Incidentally, there were some attempts over the weekend by Corbyn supporters to claim that Khan's win in London only came because of the Labour leader's popularity in London. Quite how they figured this out is difficult to see given that Corbyn had negative ratings with Londoners in the run up to the election (ratings which have since deteriorated further) whereas Khan remains hugely popular. You might think the fact that Khan spent his entire campaign seeking to distance himself from his leader while the Tories spent their entire campaign trying to link the two men together, might also be a clue as to Corbyn's popularity in the city, but apparently not.

However, with Owen Smith's leadership bid floundering most people within Labour are now turning towards the future after Corbyn is inevitably re-elected.

In his piece at the weekend Khan wrote that the party must reunite:

"No matter who wins the leadership contest, the Labour party must ultimately unite again, oppose this new Tory government and provide a vision to the British public of how a Labour government would improve their lives," he told readers of the Observer.

"Talk of a split or a new party is deeply irresponsible and would make it easier for the Tories to win again," he added.

Yet whether or not Labour members talk of a split seems increasingly irrelevant.

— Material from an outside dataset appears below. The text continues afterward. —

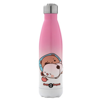 bubu + dudu, Μεταλλικό παγούρι θερμός Ροζ/Λευκό (Stainless steel), διπλού τοιχώματος, 500ml

The reaction to Khan's endorsement of Smith shows that the split has already happened. The party is now permanently divided between two wings, one of which cares about winning elections and being in government and another which sees those things as being at best a lesser concern, or at worst to be actively avoided.

As long as Corbyn remains leader it seems impossible that these two wings can come back together again. The only question now becomes whether the defeated wing will continue to stick around.